Para Dolli Irigoyen, “la Navidad es realmente una fecha muy importante desde lo afectivo. Ese es el sentido que les doy a las reuniones familiares, de amigos. A la vez, creo que no se debería olvidar de que se trata de la conmemoración del nacimiento de Jesús. Por supuesto que la comida está ligada a esta atmósfera de alegría, a este cariño que se trasmite ya desde los preparativos, del arreglo de una escenografía especial. Por eso, en estos programas que se están emitiendo propongo desplegar la imaginación, el ingenio, de acuerdo a los recursos de cada uno. Pero sobre todo, hay que esmerarse cuando hay niños, porque ellos son los más ilusionados, sueñan con Papá Noel, esperan sus regalitos, saben que tienen que hacer méritos. Siempre digo que si no hay chicos en la casa, hay que pedirlos prestados, porque ellos nos contagian su regocijo, disfrutan tanto, agregan magia”.

Admite esta prestigiosa maestra que si bien es cierto que hay comidas típicas de la Navidad que no tienen que ver con la estación que nos toca vivir, “un buen pan dulce no puede estar ausente, es un símbolo muy fuerte y su leyenda, que proviene de Milán, es muy romántica.
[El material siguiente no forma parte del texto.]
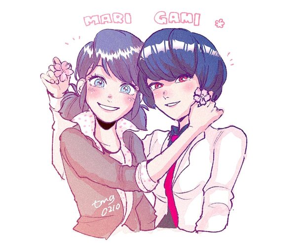 ![Маринетт Дюпен Чен арт с распущенными волосами]()

En general, muchas de estas recetas típicas tienen su leyenda, sus ingredientes que se han mantenido a lo largo del tiempo. Naturalmente, al lado del pan dulce, los turrones, hay que ofrecer cosas más livianas. Por ejemplo, una buena ensalada de frutas de estación: cerezas, duraznos, damasco: Soy partidaria de respetar el gusto natural, con apenas azúcar, una hojitas de menta y ralladura de limón para acentuar la frescura. Si se desea añadir algún licor, lo que mejor le va es el de naranjas, tipo Cointreau. Pero si hay niños, que la ensalada sea bien clásica, con jugo de naranjas”.
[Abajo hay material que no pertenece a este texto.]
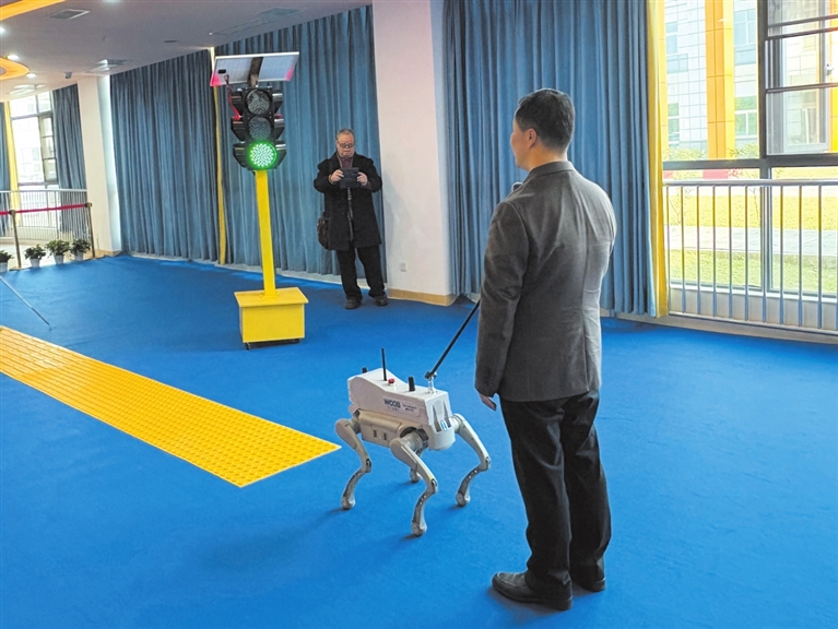 智能機(jī)器導(dǎo)盲犬為視障人士帶路演示。

Fotos: Constanza Niscovolos

Entre los bocados para el aperitivo, Dolli aconseja una simple y exquisita tarta de cebolla (en juliana, caramelizada en aceite de oliva, sólo con el agregado de una pizca de azúcar y tomillo fresco) en masa de hojaldre, terminada con escamas de parmesano y aceitunas negras. O unas finas tostadas con salmón ahumado y un copete de queso crema con eneldo y ralladura de limón. ¿Un trago para acompañar? Champán licuado con duraznos o mangos. “Para el plato principal, elegir una carne: pollo, pavo, cerdo, un rosbif entero, matambre. Diría que hay que respetar la tradición de cada familia: siempre hay una tía, una abuela que hace un vitel thoné maravilloso, un peceto famoso, los huevos rellenos. Creo que eso tiene que estar, que no hay que esforzarse en renovar el menú todos los años. Por cierto, ensaladas frescas para la carne. Y en todos los casos tratar de no pecar por exceso y que después tengamos que estar tres días comiendo lo mismo.”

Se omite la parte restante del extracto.